START Data records

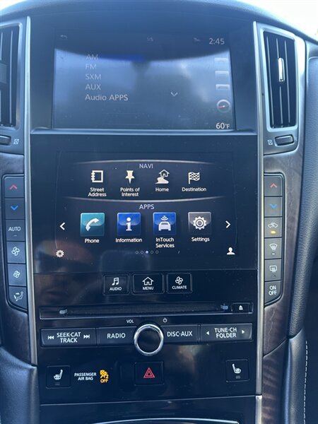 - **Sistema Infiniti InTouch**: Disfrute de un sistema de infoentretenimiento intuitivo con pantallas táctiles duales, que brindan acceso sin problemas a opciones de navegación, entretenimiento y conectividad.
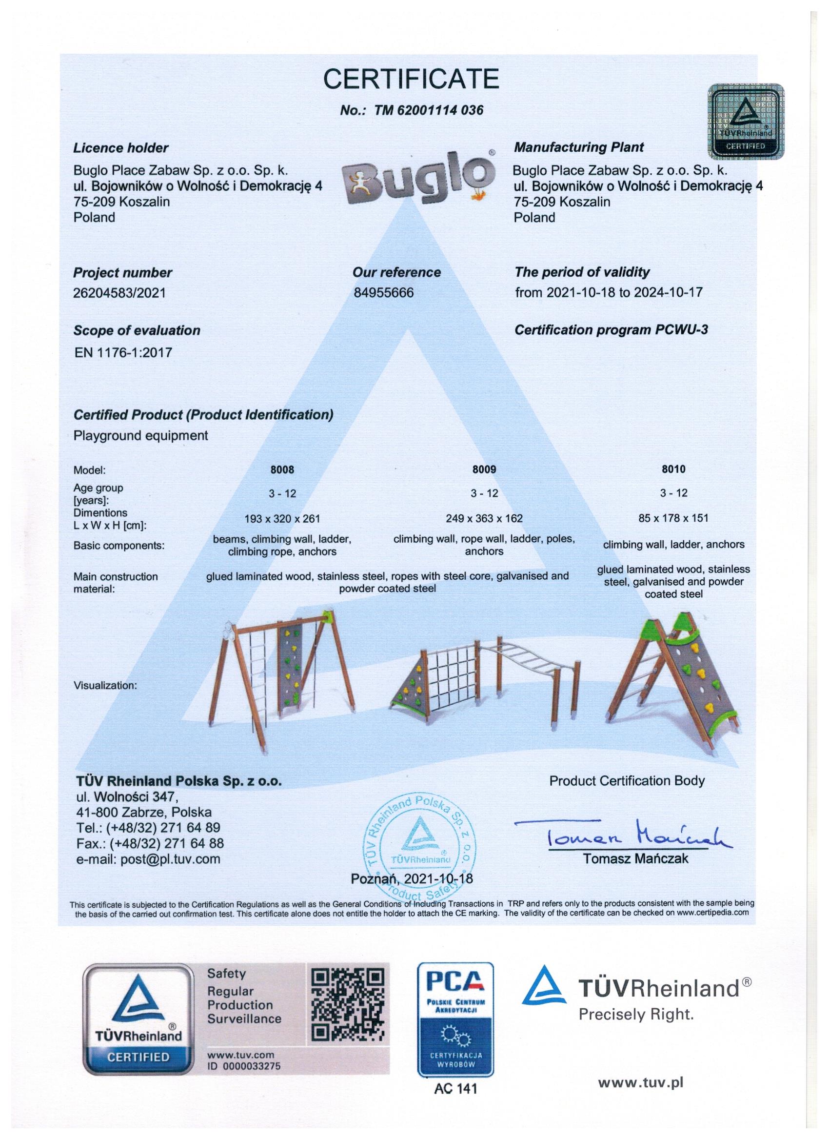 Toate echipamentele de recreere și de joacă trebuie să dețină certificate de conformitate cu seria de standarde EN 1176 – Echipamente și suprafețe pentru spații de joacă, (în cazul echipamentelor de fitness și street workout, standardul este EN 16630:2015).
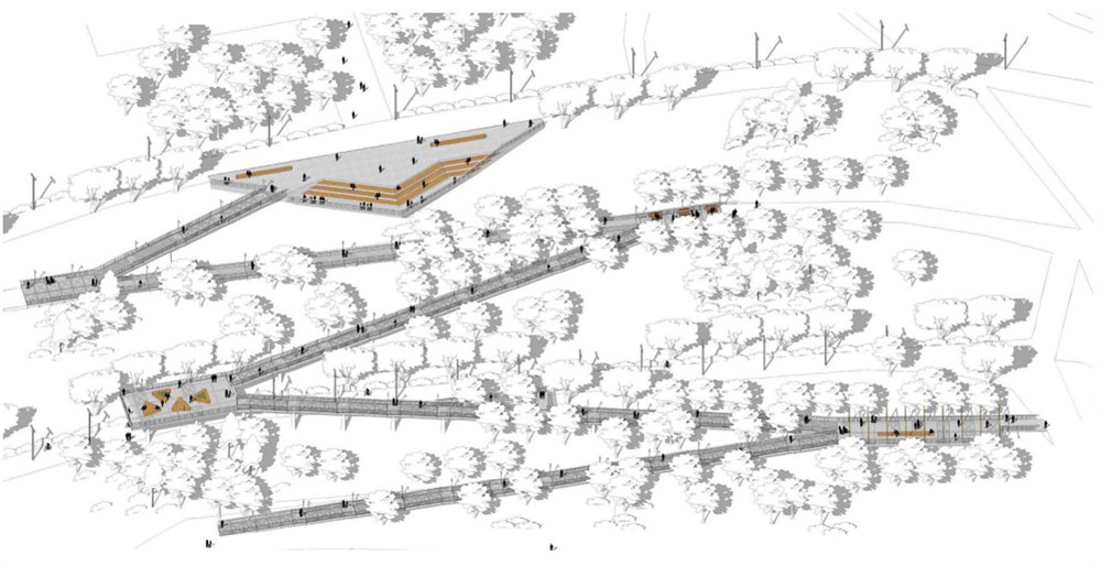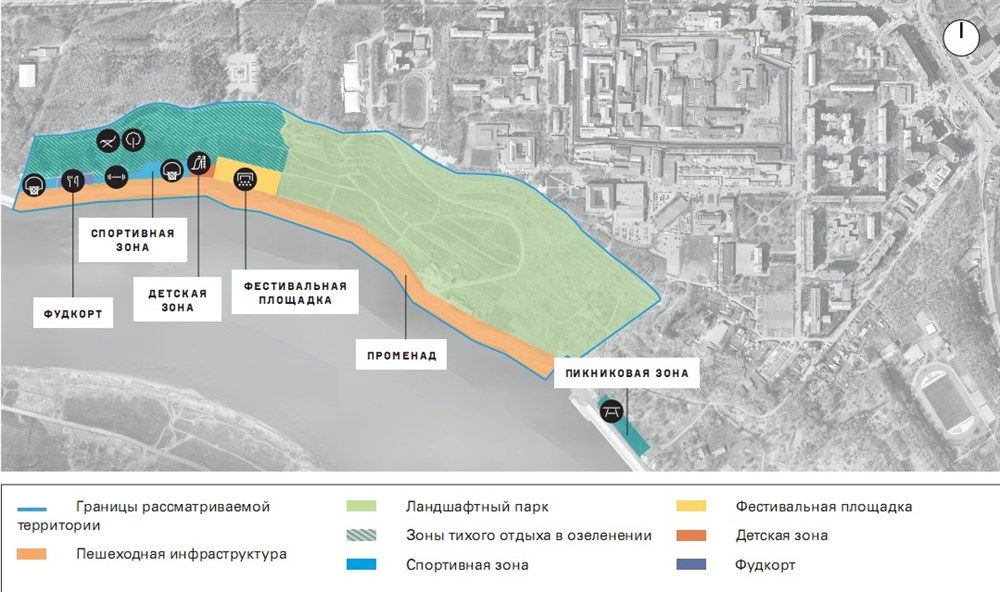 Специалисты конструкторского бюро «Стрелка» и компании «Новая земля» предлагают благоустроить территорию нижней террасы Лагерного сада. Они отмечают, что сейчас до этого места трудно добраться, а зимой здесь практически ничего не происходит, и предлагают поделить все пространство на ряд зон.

END Data records
START Data records

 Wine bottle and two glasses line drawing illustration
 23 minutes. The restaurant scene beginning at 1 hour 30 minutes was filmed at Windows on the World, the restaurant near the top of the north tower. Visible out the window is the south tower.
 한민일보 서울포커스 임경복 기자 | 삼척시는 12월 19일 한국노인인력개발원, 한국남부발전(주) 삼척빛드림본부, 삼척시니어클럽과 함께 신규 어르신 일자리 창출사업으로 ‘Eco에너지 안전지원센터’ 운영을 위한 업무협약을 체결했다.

END Data records

Repeat exactly the lines above, beginning at the one containing "- **Sistema Infiniti" and ending at the one containing "Специалисты конструкторского бюро". Do not carry over any pictures.

 - **Sistema Infiniti InTouch**: Disfrute de un sistema de infoentretenimiento intuitivo con pantallas táctiles duales, que brindan acceso sin problemas a opciones de navegación, entretenimiento y conectividad.
 Toate echipamentele de recreere și de joacă trebuie să dețină certificate de conformitate cu seria de standarde EN 1176 – Echipamente și suprafețe pentru spații de joacă, (în cazul echipamentelor de fitness și street workout, standardul este EN 16630:2015).
 Специалисты конструкторского бюро «Стрелка» и компании «Новая земля» предлагают благоустроить территорию нижней террасы Лагерного сада. Они отмечают, что сейчас до этого места трудно добраться, а зимой здесь практически ничего не происходит, и предлагают поделить все пространство на ряд зон.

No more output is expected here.